In 1865 the USA abolished slavery, giving former slaves equal voting rights as white citizens.

But many states, mainly southern, enacted so-called Jim Crow laws designed to deny black Americans their right to vote.

In 1965 US federal law got rid of the Jim Crow laws.

Today the southern state of Georgia is being accused of introducing a brand-new ‘Jim Crow’ law, one including the requirement to provide photo ID at the polling station.

US observers are very well practised in recognising discriminatory voting laws. We should heed the warning.

To vote in the local elections on May 5, including here in East Hampshire, you will need photo ID.

The postal and proxy voting system will not be affected by this new requirement.

We are told it is to stop voter ‘fraud’. I can recall only one significant case.

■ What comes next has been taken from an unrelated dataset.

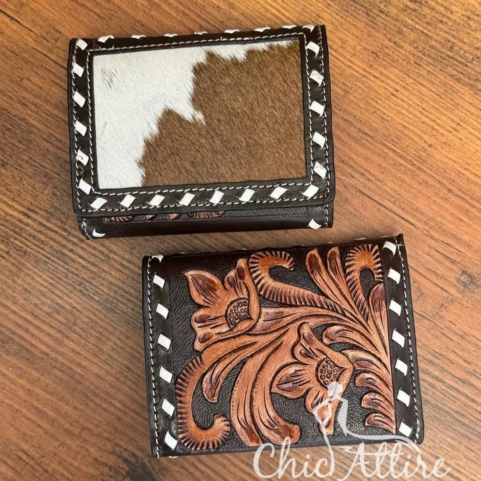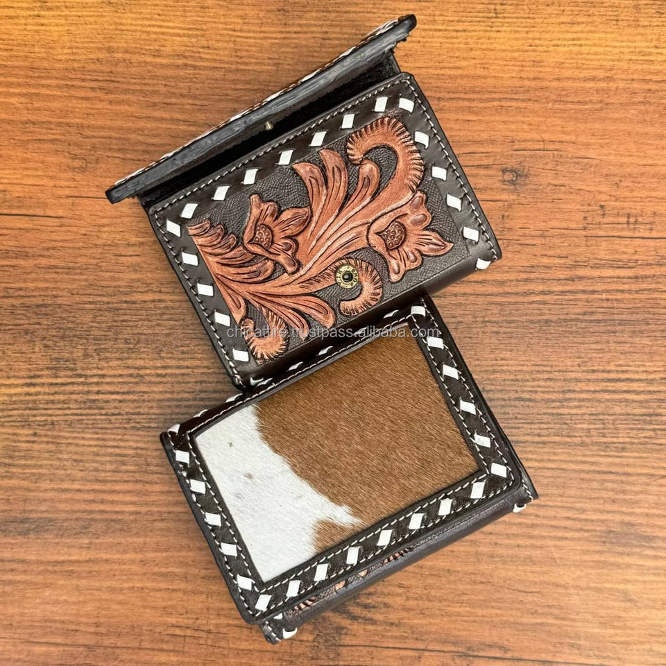 กระเป๋าสตางค์พับสามทบแบบสั้นสำหรับผู้ชายกระเป๋าใส่บัตรเครดิตหนังวัวแท้

So why do we need a new law to fix a problem that does not exist?

The Tory government is becoming increasingly more authoritarian is why.

The most recent examples of this include more laws restricting the rights of peaceful protest.

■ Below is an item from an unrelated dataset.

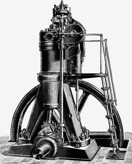 Работа этого гипотетического высокоэффективного двигателя, как доказал Карно, должна складываться из четырех циклов. На первом цикле к рабочему телу подводится тепло Q1 от верхнего уровня T1 при постоянной температуре этого уровня (то есть на этом цикле рабочее тело должно расширяться, сохраняя постоянную температуру, что и достигается за счет нагревания тела). Во время второго цикла происходит расширение рабочего тела, но уже без подвода тепла, до тех пор, пока температура его не опустится до нижнего уровня T2. На третьем цикле рабочее тело сжимается при постоянной температуре T2 (для этого было необходимо постоянно отводить тепло Q2). На четвертом этапе рабочее тело сжималось без отвода тепла до тех пор, пока его температура не поднимется вновь до T1. В случае соблюдения всех этих условий, по расчетам Карно, КПД двигателя определялся формулой 100•(1 - T2/T1) и достигал порядка 70-80%. На протяжении всего XIX века расчеты Карно будоражили творческую мысль изобретателей, которые старались найти ответ на вопрос: каким образом работу реальных тепловых двигателей приблизить к работе по "циклу Карно" и получить максимально возможный КПД. Но все попытки построить такой двигатель оказались безуспешны. Например, КПД паровой машины при мощности в 100 л.с. не превышал 13%, а в маломощных двигателях он был менее 10%. КПД бензиновых и газовых двигателей получался несколько выше, но тоже не превосходил 22-24%. Таково было положение дел, когда в начале 90-х годов за создание "идеального двигателя" взялся молодой немецкий инженер Рудольф Дизель. Еще будучи студентом, он поставил перед собой цель разработать такой мотор, показатели которого были бы близки к "циклу Карно", причем этот двигатель должен был превосходить обычный бензиновый как по мощности, так и по экономичности. После нескольких лет упорной работы проект двигателя был разработан. Суть идеи Дизеля сводилась к следующему. На первом этапе поршень сжимал воздух в цилиндре до высокого давления, за счет чего температура в цилиндре повышается до температуры воспламенения горючего (это соответствовало четвертому циклу Карно - сжатию без отвода тепла). Таким образом, в цилиндре достигалось давление порядка 90 атм и температура около 900 градусов. Горючее подавалось в цилиндр в конце цикла сжатия и вследствие высокой температуры воздуха воспламенялось от одного соприкосновения с ним без всякого внешнего зажигания. Нагнетание горючего осуществлялось равномерно, так что часть обратного движения поршня и расширение газов происходили при постоянной температуре (в соответствии с первым "циклом Карно"). Далее поршень двигался уже под влиянием высокого давления без горения топлива (второй "цикл Карно"). Третьему циклу соответствовали выхлоп и всасывание свежей порции атмосферного воздуха. Затем все циклы повторялись. Благодаря такому устройству Дизель думал повысить КПД своего мотора до неслыханной величины - 73%. Поначалу в качестве горючего он рассчитывал применить пары аммиака, но потом остановил свой выбор на угольном порошке. В 1892 году Дизель получил патент на описанный принцип работы двигателя, а в 1893 году выпустил брошюру "Теория и конструкция рационального теплового двигателя" с описанием мотора и своими математическими выкладками.

But existing public order laws give police astoundingly wide powers already.

People forced to abandon their families and homes and flee in fear of their lives to seek asylum here have been criminalised.

The government processed just four per cent of asylum claims made in 2021.

Of those, 84 per cent were granted as legitimate.

The UK asylum system is broken for sure, and it’s government ineptitude that has broken it.

Inhumane deportation laws will not fix it.

The government also wants to pull out of the European Convention of Human Rights.

Could it be they want to introduce even more repressive laws that would breach our human rights?

Perhaps you think that you will never protest on the M25, or never be a refugee.

Perhaps such wide-ranging laws will catch what you want to do, though; perhaps you will be next.

As Pastor Gustav Niemöller of Germany said in 1946: “First they came for the Communists, and I did not speak out – because I was not a communist.

“Then they came for the trade unionists, and I did not speak out – because I was not a trade unionist.

“Then they came for the Jews, and I did not speak out – because I was not a Jew.

“Then they came for me – and there was no-one left to speak for me.”